How should Alberta pay for this transition? By putting their hands on the enormous profits of the industry that created the crisis in the first place. The new carbon tax – and the royalty hike the government must vigorously pursue – should be raised to send a stronger message to the market to jump-start a transition off oil.

Economists have shown a fair and effective tax would look more like $200 a tonne. $20 or $30 a tonne will not cut it – especially when half of the revenue generated will return as subsidies to oil and gas companies and dirty electricity generators. At this rate, most oil companies will be spending barely $1 more per barrel of oil. Polluters should be paying, not being paid off. The only message this will send the market is to “dig, baby, dig.”
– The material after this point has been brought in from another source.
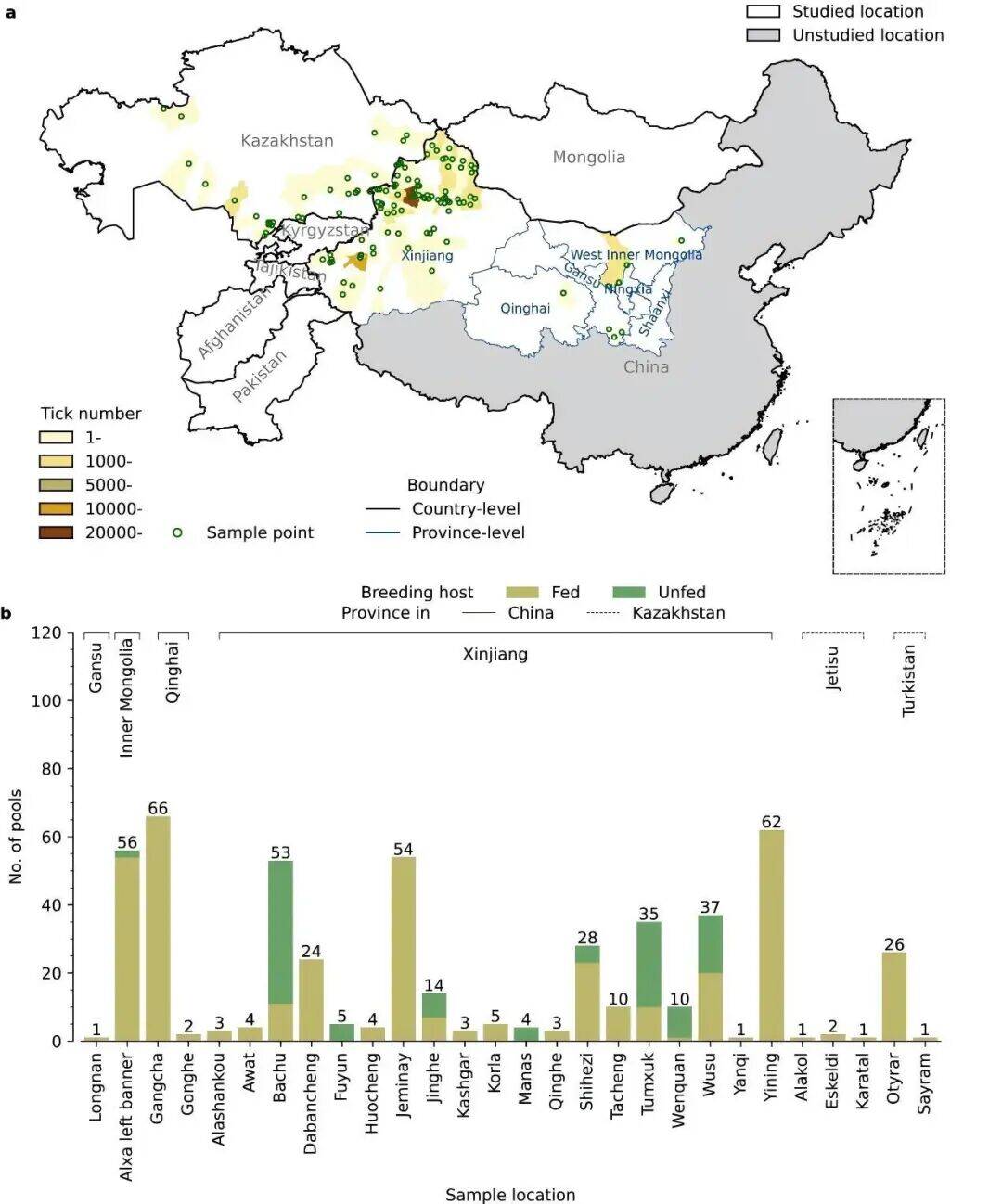 该研究系统采集了中国西北地区和哈萨克斯坦的蜱虫,揭示了该地区的蜱虫物种和TBVs的高度多样性,并进一步预测了重要感染性蜱传病毒及其媒介蜱虫的地理分布,全面描绘了该地区人畜共患TBVs的疾病风险和潜在受影响的人群,为这一广阔地区乃至全球蜱传病毒性疾病的预防和控制提供了宝贵的资源。

Rolling out a plan to create a new, cleaner economy that’s more just and prosperous would convince voters there is an alternative to the oil economy. At that point the NDP could initiate a debate on a moratorium on tar sands development that has been called for by a hundred of North America’s top scientists. Scientific studies show we could get all of our electricity from renewables by 2030, not just 30 percent as Alberta now promises; and an economy entirely run by renewables by 2050. When popular movements can build pressure for such a transition, one thing will be sure: oil barons won’t be hand-clasping on the stage – they’ll be howling from the sidelines.

These movements, with Indigenous communities leading the way, have pushed the Alberta government this far. Now they must push them farther, and faster. It’s not time yet to cheer Alberta’s premier. Demand instead she break the oil barons’ vice-grip on our future.